### REQUIRED ACTION
Copy out the data word for word. The images are not part of the copy.

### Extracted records
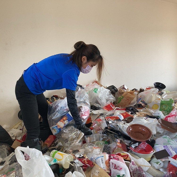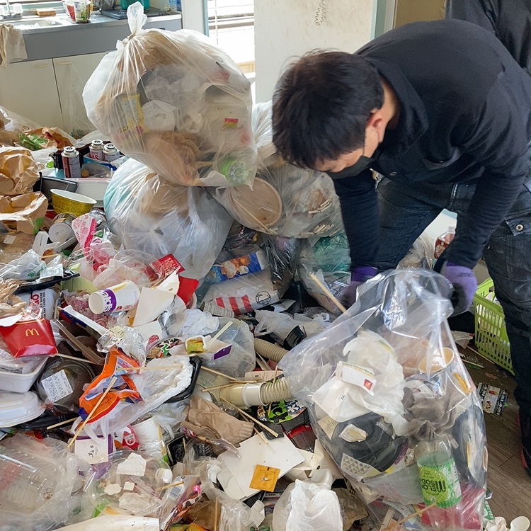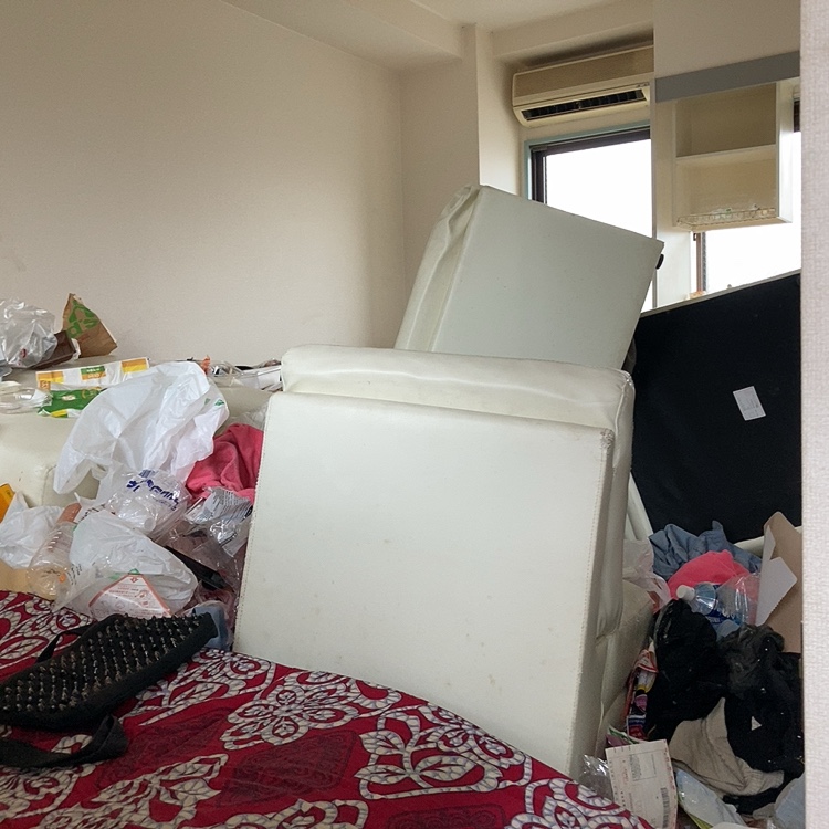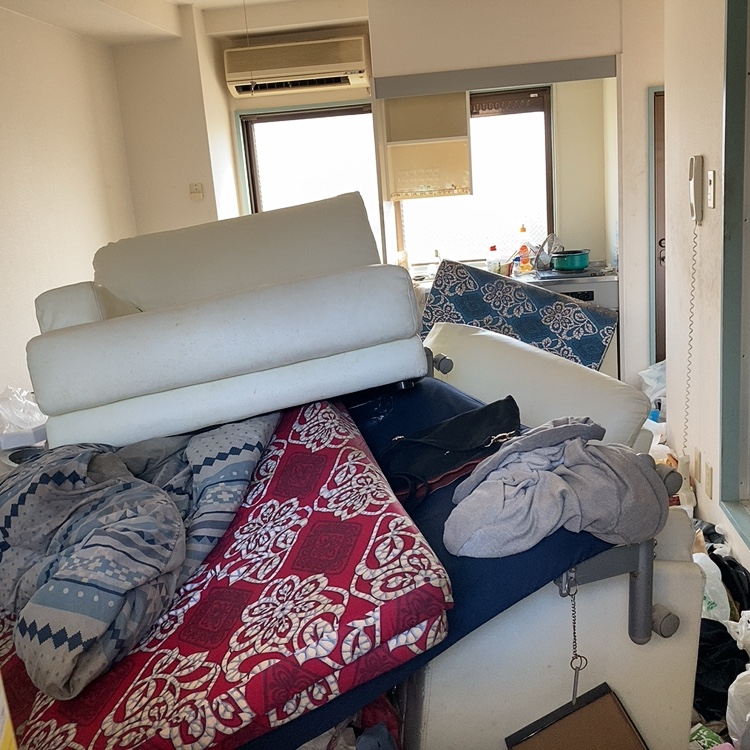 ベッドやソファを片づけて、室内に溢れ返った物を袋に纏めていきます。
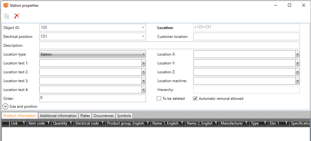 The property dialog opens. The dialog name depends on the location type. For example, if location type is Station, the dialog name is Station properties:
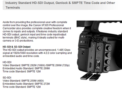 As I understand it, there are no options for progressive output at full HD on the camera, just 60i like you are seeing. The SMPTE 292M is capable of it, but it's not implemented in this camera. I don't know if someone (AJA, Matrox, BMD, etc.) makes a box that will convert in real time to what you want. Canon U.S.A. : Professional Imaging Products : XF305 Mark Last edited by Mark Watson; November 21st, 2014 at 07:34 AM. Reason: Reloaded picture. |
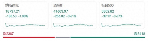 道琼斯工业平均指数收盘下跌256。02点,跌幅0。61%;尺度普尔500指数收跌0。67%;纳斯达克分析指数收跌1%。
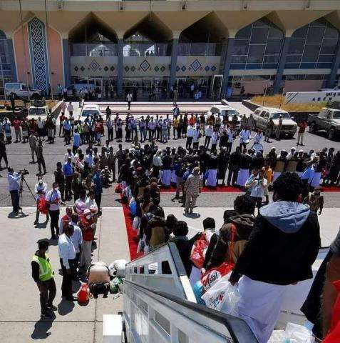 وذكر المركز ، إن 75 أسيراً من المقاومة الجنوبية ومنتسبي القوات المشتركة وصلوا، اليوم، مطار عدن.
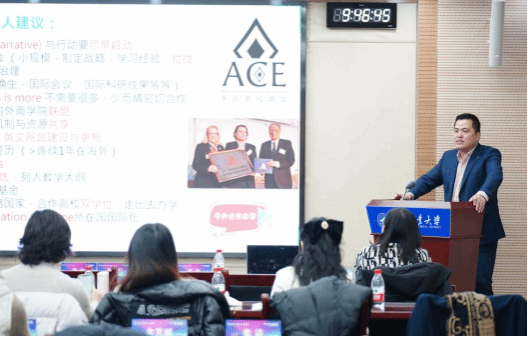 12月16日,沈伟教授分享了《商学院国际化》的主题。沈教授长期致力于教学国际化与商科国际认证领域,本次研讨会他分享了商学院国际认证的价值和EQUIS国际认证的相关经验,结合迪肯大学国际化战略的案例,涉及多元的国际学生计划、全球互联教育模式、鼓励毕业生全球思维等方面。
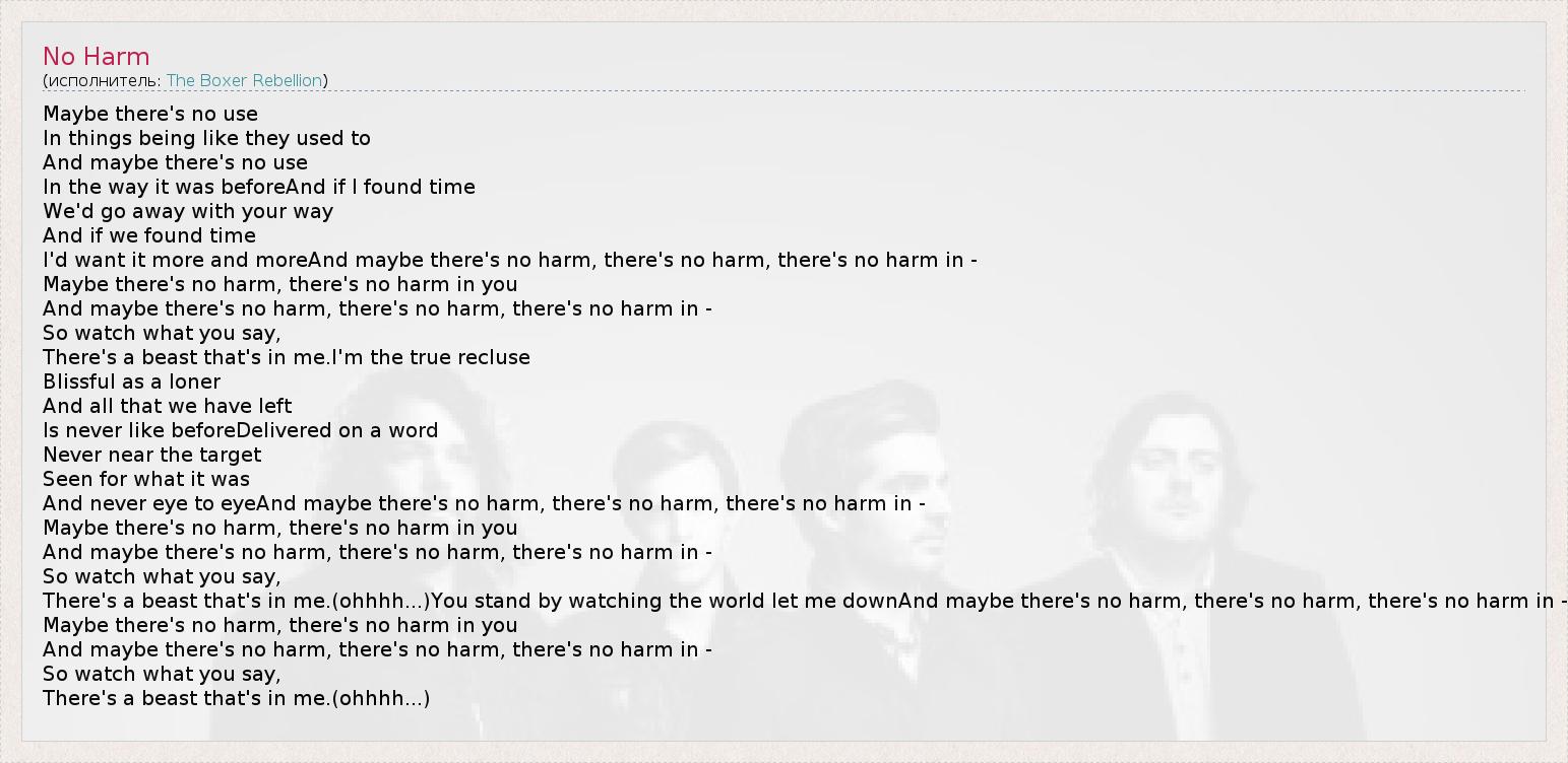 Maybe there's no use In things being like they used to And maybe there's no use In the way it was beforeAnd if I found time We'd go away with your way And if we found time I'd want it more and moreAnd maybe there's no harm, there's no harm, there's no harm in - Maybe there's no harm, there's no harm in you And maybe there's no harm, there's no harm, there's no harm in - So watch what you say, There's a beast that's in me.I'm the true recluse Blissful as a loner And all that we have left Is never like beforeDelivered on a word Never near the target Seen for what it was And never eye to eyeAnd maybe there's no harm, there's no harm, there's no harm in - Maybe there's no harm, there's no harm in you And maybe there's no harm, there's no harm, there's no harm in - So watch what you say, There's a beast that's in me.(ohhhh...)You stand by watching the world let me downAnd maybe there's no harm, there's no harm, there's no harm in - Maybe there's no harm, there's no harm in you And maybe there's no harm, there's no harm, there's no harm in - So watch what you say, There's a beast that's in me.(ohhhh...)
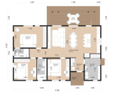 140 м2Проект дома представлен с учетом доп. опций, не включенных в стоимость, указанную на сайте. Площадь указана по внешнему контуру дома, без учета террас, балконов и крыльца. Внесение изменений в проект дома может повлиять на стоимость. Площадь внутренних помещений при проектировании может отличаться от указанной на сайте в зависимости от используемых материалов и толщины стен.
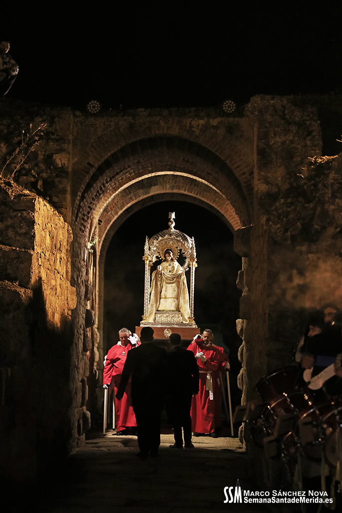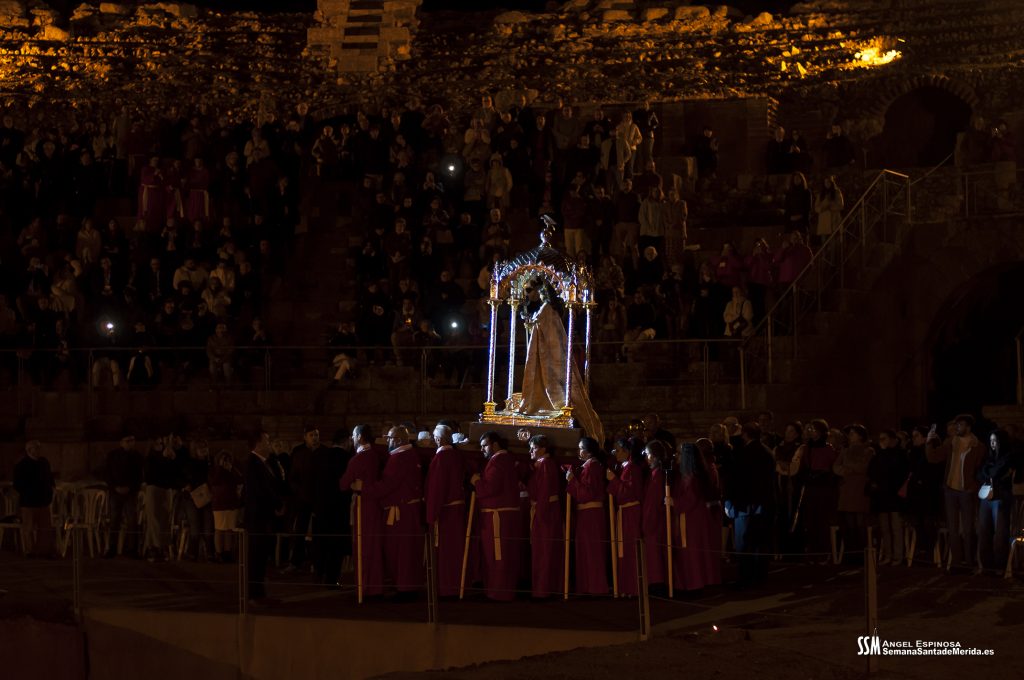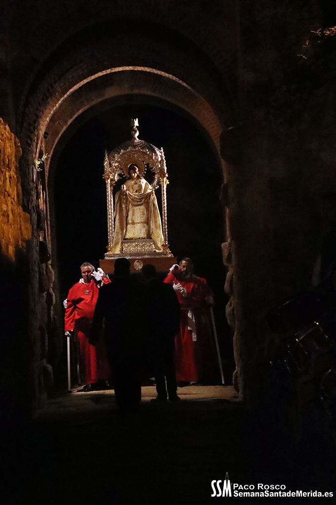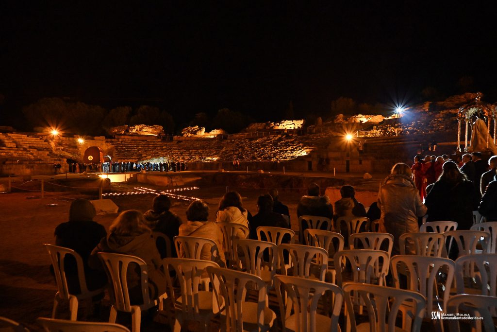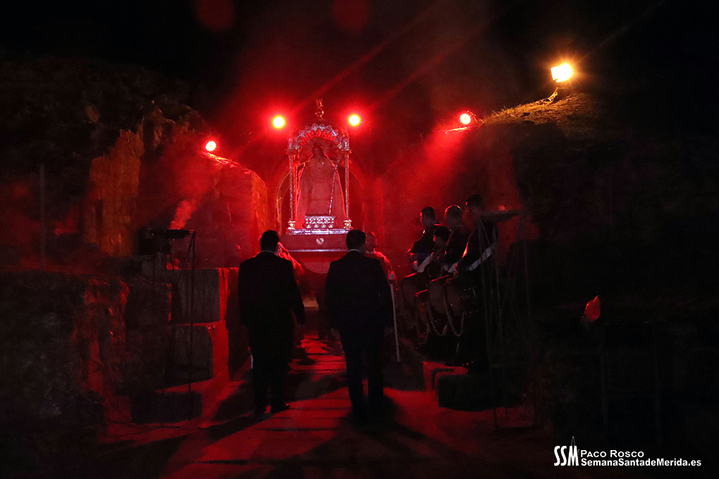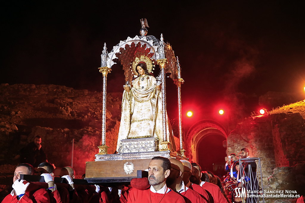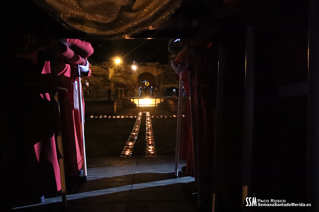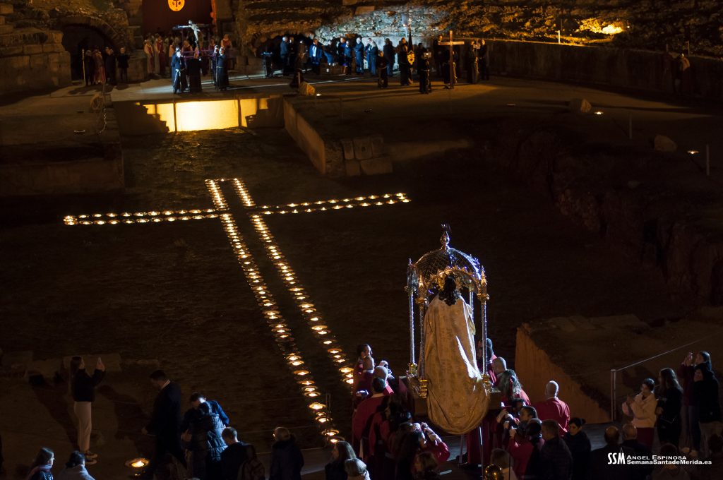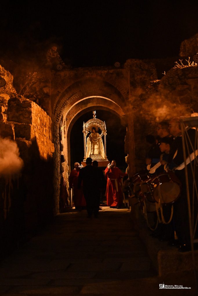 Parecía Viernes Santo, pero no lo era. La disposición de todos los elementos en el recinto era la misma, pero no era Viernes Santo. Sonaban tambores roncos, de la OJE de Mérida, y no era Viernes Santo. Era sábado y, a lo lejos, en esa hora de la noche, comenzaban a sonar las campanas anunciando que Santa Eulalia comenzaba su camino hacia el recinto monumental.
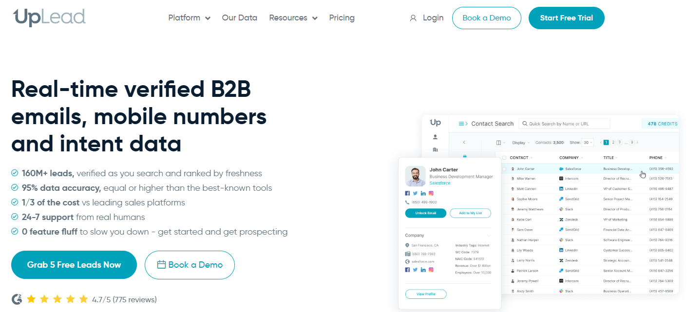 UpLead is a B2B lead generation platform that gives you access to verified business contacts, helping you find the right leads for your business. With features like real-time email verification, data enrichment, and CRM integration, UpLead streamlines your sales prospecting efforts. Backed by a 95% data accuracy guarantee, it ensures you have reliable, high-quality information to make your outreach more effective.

### TASK ANSWER
 ベッドやソファを片づけて、室内に溢れ返った物を袋に纏めていきます。
 The property dialog opens. The dialog name depends on the location type. For example, if location type is Station, the dialog name is Station properties:
 As I understand it, there are no options for progressive output at full HD on the camera, just 60i like you are seeing. The SMPTE 292M is capable of it, but it's not implemented in this camera. I don't know if someone (AJA, Matrox, BMD, etc.) makes a box that will convert in real time to what you want. Canon U.S.A. : Professional Imaging Products : XF305 Mark Last edited by Mark Watson; November 21st, 2014 at 07:34 AM. Reason: Reloaded picture. |
 道琼斯工业平均指数收盘下跌256。02点,跌幅0。61%;尺度普尔500指数收跌0。67%;纳斯达克分析指数收跌1%。
 وذكر المركز ، إن 75 أسيراً من المقاومة الجنوبية ومنتسبي القوات المشتركة وصلوا، اليوم، مطار عدن.
 12月16日,沈伟教授分享了《商学院国际化》的主题。沈教授长期致力于教学国际化与商科国际认证领域,本次研讨会他分享了商学院国际认证的价值和EQUIS国际认证的相关经验,结合迪肯大学国际化战略的案例,涉及多元的国际学生计划、全球互联教育模式、鼓励毕业生全球思维等方面。
 Maybe there's no use In things being like they used to And maybe there's no use In the way it was beforeAnd if I found time We'd go away with your way And if we found time I'd want it more and moreAnd maybe there's no harm, there's no harm, there's no harm in - Maybe there's no harm, there's no harm in you And maybe there's no harm, there's no harm, there's no harm in - So watch what you say, There's a beast that's in me.I'm the true recluse Blissful as a loner And all that we have left Is never like beforeDelivered on a word Never near the target Seen for what it was And never eye to eyeAnd maybe there's no harm, there's no harm, there's no harm in - Maybe there's no harm, there's no harm in you And maybe there's no harm, there's no harm, there's no harm in - So watch what you say, There's a beast that's in me.(ohhhh...)You stand by watching the world let me downAnd maybe there's no harm, there's no harm, there's no harm in - Maybe there's no harm, there's no harm in you And maybe there's no harm, there's no harm, there's no harm in - So watch what you say, There's a beast that's in me.(ohhhh...)
 140 м2Проект дома представлен с учетом доп. опций, не включенных в стоимость, указанную на сайте. Площадь указана по внешнему контуру дома, без учета террас, балконов и крыльца. Внесение изменений в проект дома может повлиять на стоимость. Площадь внутренних помещений при проектировании может отличаться от указанной на сайте в зависимости от используемых материалов и толщины стен.
 Parecía Viernes Santo, pero no lo era. La disposición de todos los elementos en el recinto era la misma, pero no era Viernes Santo. Sonaban tambores roncos, de la OJE de Mérida, y no era Viernes Santo. Era sábado y, a lo lejos, en esa hora de la noche, comenzaban a sonar las campanas anunciando que Santa Eulalia comenzaba su camino hacia el recinto monumental.
 UpLead is a B2B lead generation platform that gives you access to verified business contacts, helping you find the right leads for your business. With features like real-time email verification, data enrichment, and CRM integration, UpLead streamlines your sales prospecting efforts. Backed by a 95% data accuracy guarantee, it ensures you have reliable, high-quality information to make your outreach more effective.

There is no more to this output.